A Chinese version of the article title and abstract should also be included. Translation service (from English to Chinese) will be provided only to non-Chinese authors.Keywords
Immediately after the abstract for Review Articles, Research Papers and Case Reports, provide a maximum of 5 keywords (in alphabetical order), using British spelling and avoiding general and plural terms and multiple concepts (avoid, for example, 'and', 'of'). Keywords should be taken from the Medical Subject Headings (MeSH) list of Index Medicus (http://www.nlm.nih.gov/mesh/meshhome.html). Be sparing with abbreviations: only abbreviations firmly established in the field may be eligible. These keywords will be used for indexing purposes.
No abstract and keywords are required for Letters to the Editor.

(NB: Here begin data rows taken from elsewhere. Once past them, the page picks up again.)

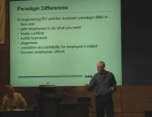 Speaker A Ken actually said to me that he wants to change the paradigm, the dominant paradigm of organizations over the next 15 years. He was afraid after this conference there'd be nothing left for him to do, and he wanted some guidance in how to go about doing that. So I've looked at that question and I said, Change from watt to watt. And that's the first thing we'll look at and move on from there. And the word missing on every page of this is draft, first draft. This is just some initial thoughts about it. The description of both paradigms is not meant to be definitive. It's just a starting and a sketching of some notes. But for me, it starts with the engineering. What are the methods and templates that in the book requisite organization? These are what are suggested that you do actually do within the workplace. And what's the kind of stuff that you pick up when you're looking at the management column in your newspaper or even the Harvard Business Review. So in terms of engineering, the art grounded in a science, the application of the science to the workplace, how do you get people to do things? I think in the dominant paradigm, there's this notion of, well, if you hire people who just absolutely want to do everything, that you won't have to direct them or you build the right culture. I was in a one day workshop at the Schulich School of Business at York University about a month ago, and the whole day was focused on innovation. And the only topic anyone talked about was culture. You need to get an innovative culture. And sort of an hour into said, you know, two words I haven't heard here are strategy and innovation. Sorry. Strategy and accountability and blank looks. People didn't get it that if you hold people accountable and support them to do it, to aggressively pursue your strategy, don't you think people will have to do new things and maybe do things in a new way? And won't that end up with a whole workplace that's doing new things? And won't that end up in an innovative culture, but they start on the opposite direction? So issues of how do you treat conflicts between two people interpersonal? Or is it between roles and lack of clarity? Do you build teamwork by helping people understand and like each other? Or do you coordinate the work they do with each other? Diagnosis how do you get to the root cause of a problem? And the only method that I see over and over again in the dominant management literature is correlation. How do the people who do it well do it? How do the people who don't do it well do it? I think that's part of those of you who haven't seen it get a hold of Elliot's 2002 APA Division 13 paper where he says, this is a model. This is a prescriptive model of how things ought to operate. And like a dot, you know, you don't go to your doctor and say, hey, this is what's troubling me. And your doctor doesn't say, these pills work. For the last few people who had similar symptoms to you, why don't you try it? Your doctor has a theory. So major differences in that, in the engineering. What about the science underneath the engineering? The dominant paradigm, I think, is that people are greedy, and greed, fear, and to some extent, peer pressure is what will get them to do what you want them to do. As versus we all want to work, and we all are motivated, self motivated, to work. And the job of management then is simply to focus and enable. That the notion that if we don't all vote on a goal, that we won't be committed to it, versus, hey, my manager has set this target for me. I've been treated with respect for it. I've been listened to. I don't think it's the right place to go, but I will work with full commitment on it. These are major differences in understanding mean. And this goes back to Harold's comment about what's the science underlying the engineering. So what's the psychology? We have a different understanding of the psychology conceptual framework, going back to Kuhn's notion of a paradigm, the conceptual framework that frames science. And this is the stuff that's not decided by one particular experiment. But how do we go about organizing data? What are the things that we consider possible? When I first met Elliot, I said, do you really believe in these curves? Said, well, what's your problem with it? I said, well, it's not egalitarian. And he said, what's your definition of that term? Well, I get the notion that anyone can do anything that they apply themselves to if they have enough opportunity, said, do you really believe anyone can do what Einstein did or what Mozart did? And in an instant, it kind of reframed my notion. Talked with someone else who comes from a whole other paradigm, and when they respond to that question, they said, well, no, only Einstein could do what Einstein did. Only Mozart could do what Mozart did. And their point was, there is no way, no possible way, you could line one accomplishment as bigger or smaller than another. These things are inherently equal. So the conceptual framework is the stuff that a single fact, a single experience, a single experiment will not change. It takes a whole. And this is the stuff, really, that Ken is talking about changing. So our conceptual framework also says that capability is not distributed continuously. There are useful ways of stratifying it, even the notion, and this comes out in a couple of Elliot's more obscure papers, but you will see people talk about the profit that a product has or the profit that a department generates. And really, when you look at it, requisitely the word profit applies to a strategic business unit to nothing smaller than that. These are major ways of organizing how we think. And they're very resistant to change. Philosophy of science even what do we consider good science to be the dominant model is an empiricist model, by which I don't mean empirical. It's not just that there are data, but if you look at good to great, for example, Jim Collins in the beginning says, hey, 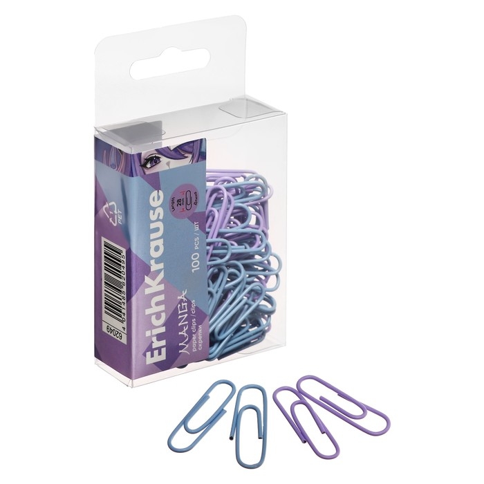 Скрепки канцелярские 28 мм, 100 штук, ErichKrause Manga, цветные с виниловым покрытием, пластиковая коробка, МИКС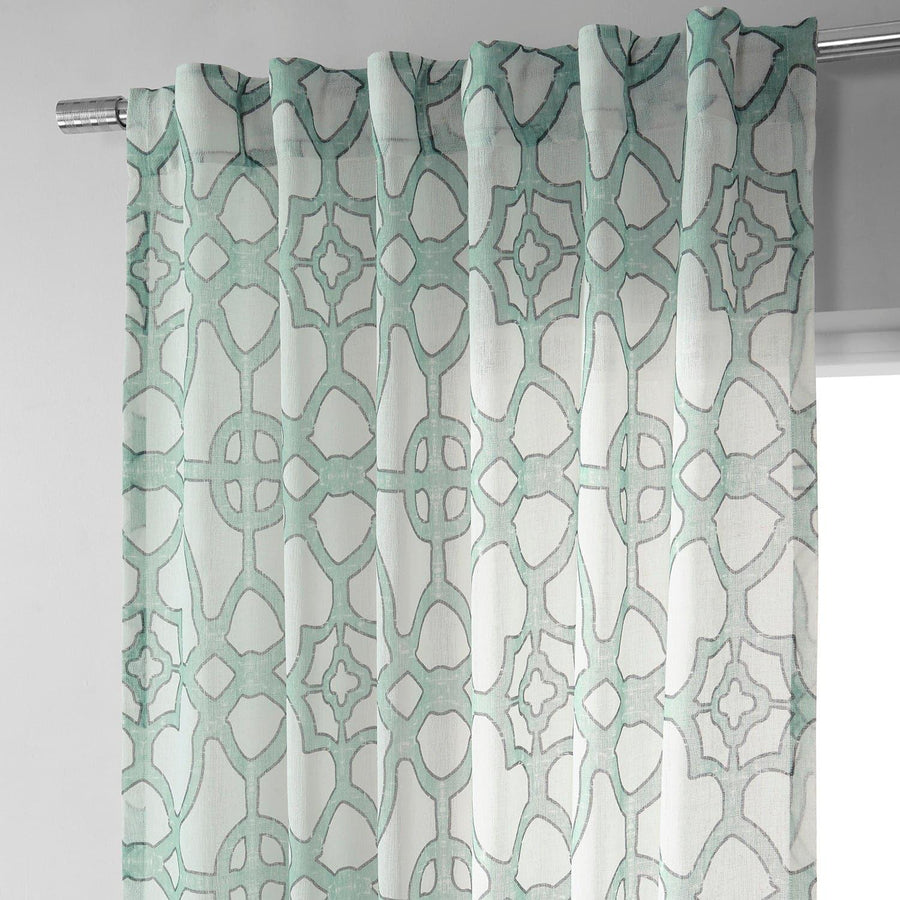 Zoom SeaGlass Blue Printed Sheer Curtain - HalfPriceDrapes.com

Where a term/definition will be continually referred to, it must be written in full when it first appears in the text, followed by the subsequent abbreviation in parentheses (even if it was previously defined in the abstract). Thereafter, the abbreviation may be used. An abbreviation should not be first defined in any section heading; if an abbreviation has previously been defined in the text, then the abbreviation may be used in a subsequent section heading. Restrict the number of abbreviations to those that are absolutely necessary and ensure consistency of abbreviations throughout the article. Ensure that an abbreviation so defined does actually appear later in the text (excluding in figures/tables), otherwise, it should be deleted.
Collate acknowledgements in a separate section at the end of the article before the references and do not, therefore, include them on the title page, as a footnote to the title or otherwise. List here those individuals who provided help during the research (e.g., providing language help, writing assistance or proof reading the article, etc.).

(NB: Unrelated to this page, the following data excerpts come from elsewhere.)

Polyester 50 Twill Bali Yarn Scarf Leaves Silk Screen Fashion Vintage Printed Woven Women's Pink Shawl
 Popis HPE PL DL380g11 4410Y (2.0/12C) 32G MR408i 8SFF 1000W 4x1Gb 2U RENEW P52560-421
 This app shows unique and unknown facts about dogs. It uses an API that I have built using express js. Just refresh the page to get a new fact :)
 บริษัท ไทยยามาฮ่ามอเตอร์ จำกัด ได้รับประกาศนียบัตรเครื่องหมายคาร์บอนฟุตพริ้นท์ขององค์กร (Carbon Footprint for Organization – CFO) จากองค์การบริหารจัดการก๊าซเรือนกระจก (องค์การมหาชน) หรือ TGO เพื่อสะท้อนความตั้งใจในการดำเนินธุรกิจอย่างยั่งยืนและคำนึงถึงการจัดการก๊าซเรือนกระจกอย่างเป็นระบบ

It is not necessary to include detailed descriptions on the program or type of grants and awards. When funding is from a block grant or other resources available to a university, college, or other research institution, submit the name of the institute or organization that provided the funding.If no funding has been provided for the research, please include the following sentence:
This research did not receive any specific grant from funding agencies in the public, commercial, or not-for-profit sectors.Units
Follow internationally accepted rules and conventions: use the international system of units (SI). If other units are mentioned, please give their equivalent in SI. Blood pressure values are to be reported in mmHg. Use the metric system for the expression of length, area, mass, and volume. Temperatures are to be given in degrees Celsius.
Numbers that begin a sentence or those that are less than 10 should be spelled out using letters. Centuries and decades should be spelled out, e.g., the Eighties or nineteenth century. Laboratory parameters, time, temperature, length, area, mass, and volume should be expressed using digits.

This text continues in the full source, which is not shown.